• What this task involves
An exact copy of the lines, starting at the top of the listing and ending with the line that has "Flygplan TP 5", is the required answer. Pictures are not part of it.

• Supplied records

▼

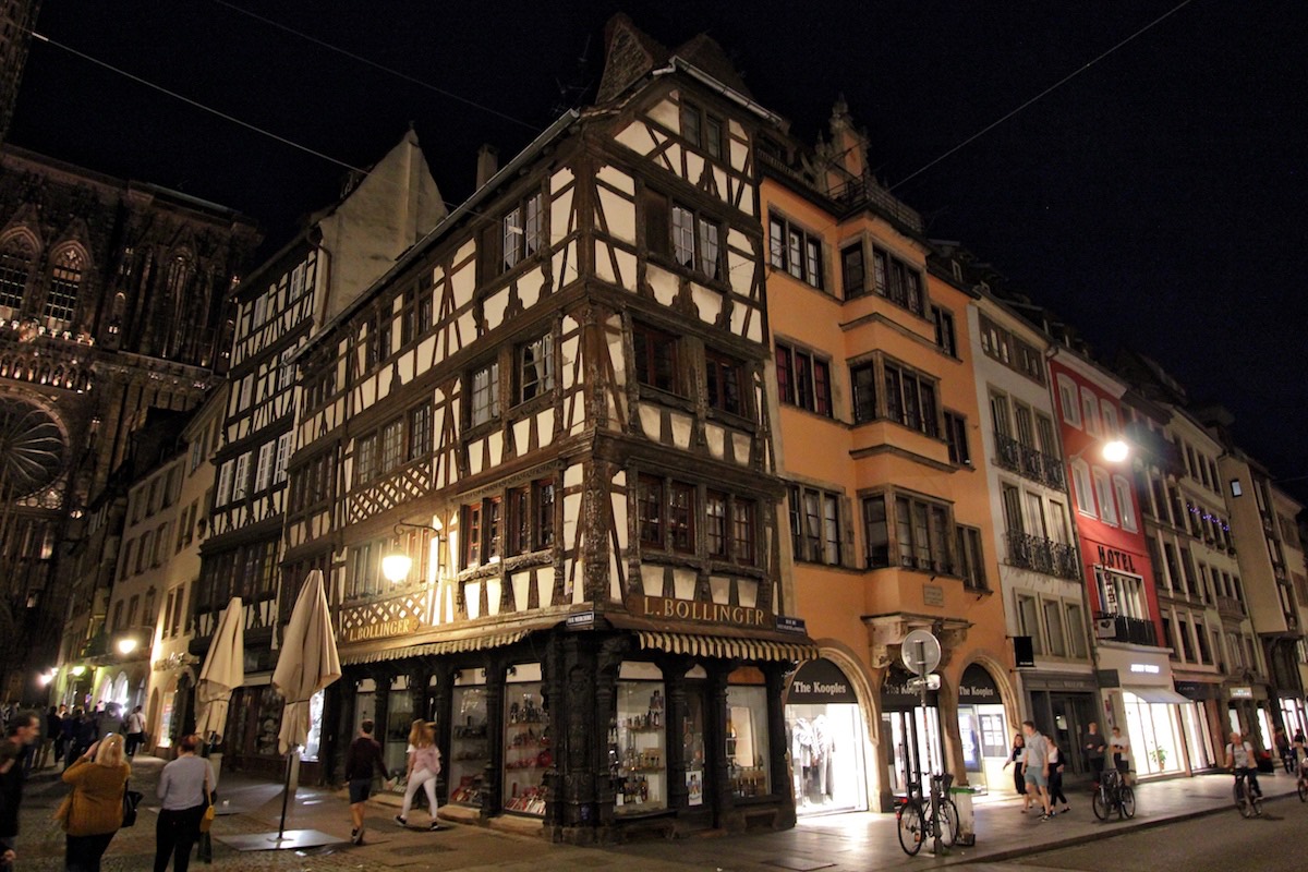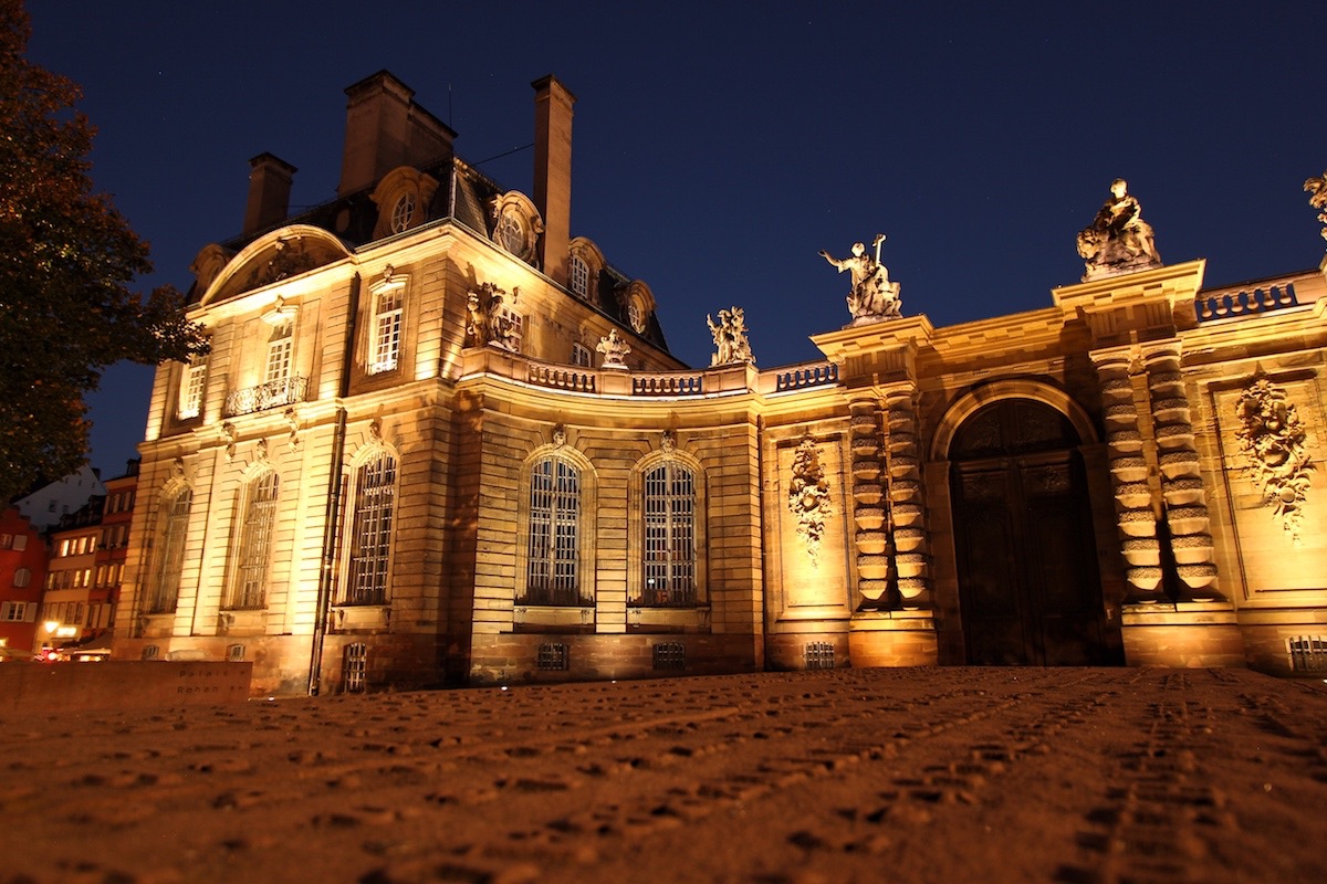 Когда мы вернулись к собору, он уже был подсвечен искусственными огнями. Ещё более завораживающе выглядел дворец Рогана. Две статуи над его воротами символизируют религию и милосердие, такие забытые в нашем мире ценности.
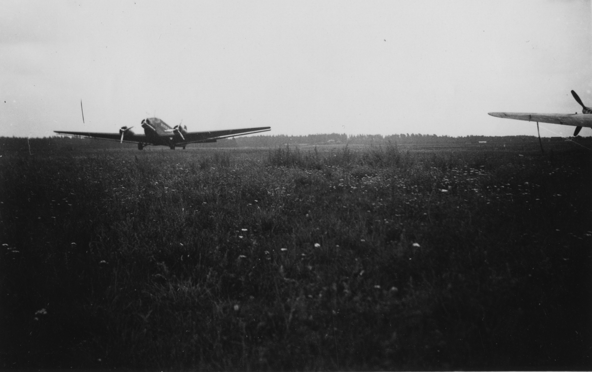 Flygplan TP 5 landar på flygfält på F 3 Östgöta flygflottilj.
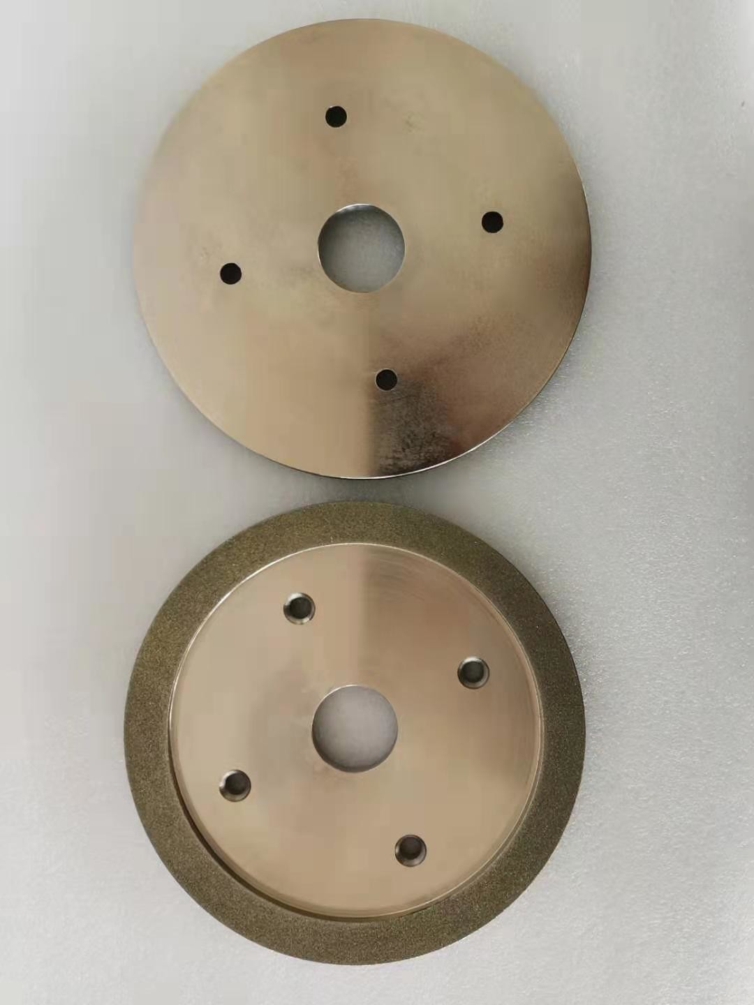 Per le mole del diamante, lo strato di lavoro della mola contiene i grani abrasivi del diamante e gli abrasivi del diamante sono legati al substrato da un legame del metallo. In primo luogo, lo spessore del legame del metallo depositato è 20% dell'altezza dei grani abrasivi del diamante (insabbiare) e poi il legame del metallo è usato per legare (ispessirsi) i grani abrasivi del diamante e lo spessore è circa 2/3 dell'altezza dei grani abrasivi. Compreso il diamante che veste le ruote, le ruote di diamante per la molatura o taglio.
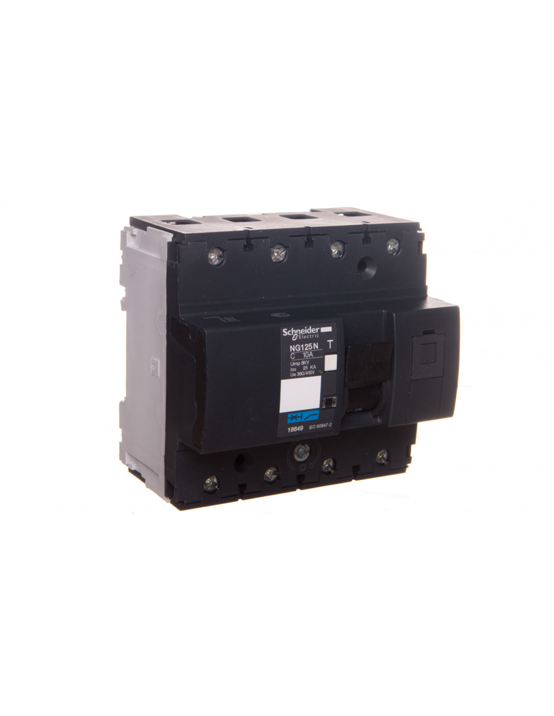 Wyłącznik nadprądowy, NG125N, 4-biegunowy, 10A, ch-ka C. aplikacja wyłącznika: rozdział - rodzina produktów: NG125 - Zakres: Acti 9 - typ produktu: wyłącznik miniaturowy - opis skrócony: NG125N - rodzaj sieci: AC, DC - technologia wyzwalacza: termomagnetyczny - zdolność wyłączania: 10 kA Icu zgodnie z EN/IEC 60947-2 - 500 V AC 50/60 Hz, 20 kA Icu zgodnie z EN/IEC 60947-2 -
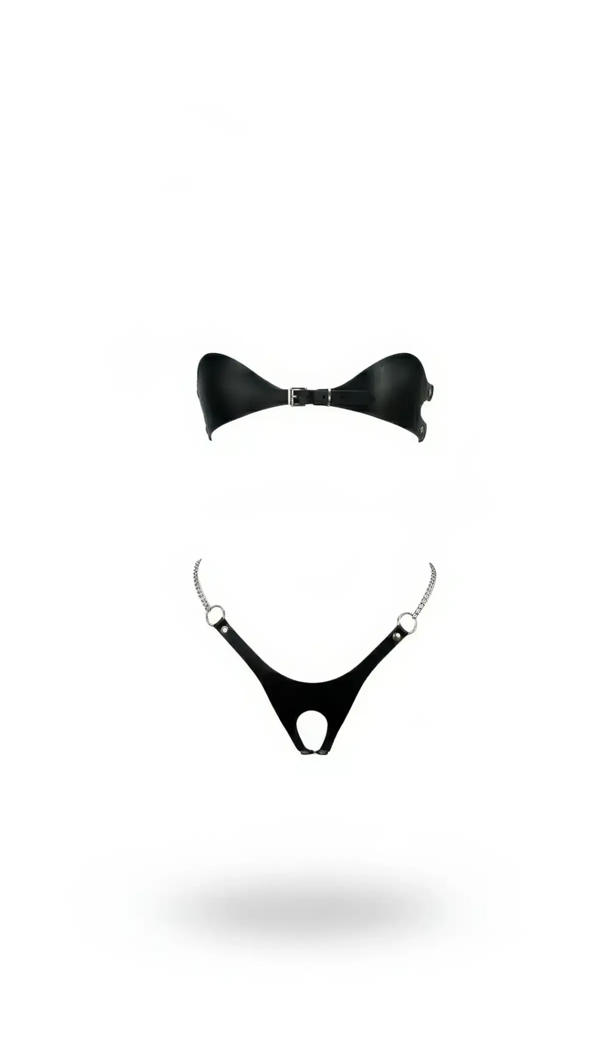 Unleash your provocative side with this stunning Black Harness Set, meticulously crafted from sleek, matte faux leather. The two-piece ensemble features a structured bralette and a matching bottom set, instantly adding an edgy dimension to your intimate apparel collection. Notice the striking visual contrast created by the polished silver O-rings and draping chain detail, which emphasizes the body’s silhouette. This luxurious bralette bottom set offers a commanding, yet comfortable, feel.
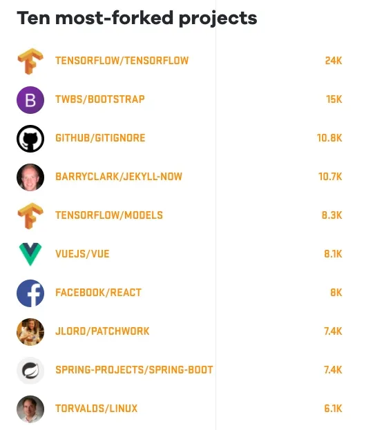 从这些活跃的仓库中,我们找出了 10 大 复刻 数最多的仓库。人工智能方向的 TensorFlow 项目夺得桂冠,前端方向的 BootStrap 是第二。尤雨溪的 vuejs 排名第六,恰恰比排名第七的 Facebook 的 react 的复刻数高一点,很难说这与今年 Facebook 对 react 的许可证问题有没有关系。而 Linus 的 Linux 项目敬陪末座,作为这样庞大的一个项目,已经相当了不起了。
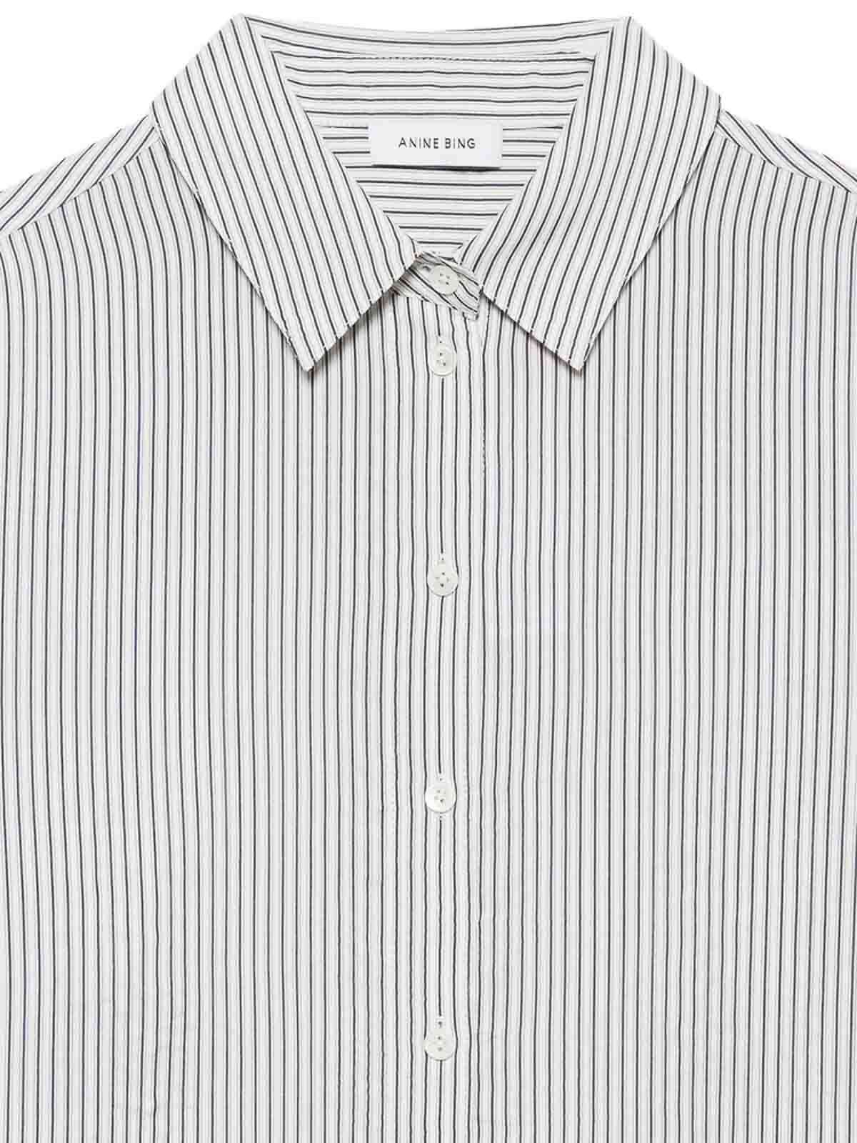 ホワイトとネイビーの縦縞ボタン長袖クラシックカラー

▲

• Reply
 Когда мы вернулись к собору, он уже был подсвечен искусственными огнями. Ещё более завораживающе выглядел дворец Рогана. Две статуи над его воротами символизируют религию и милосердие, такие забытые в нашем мире ценности.
 Flygplan TP 5 landar på flygfält på F 3 Östgöta flygflottilj.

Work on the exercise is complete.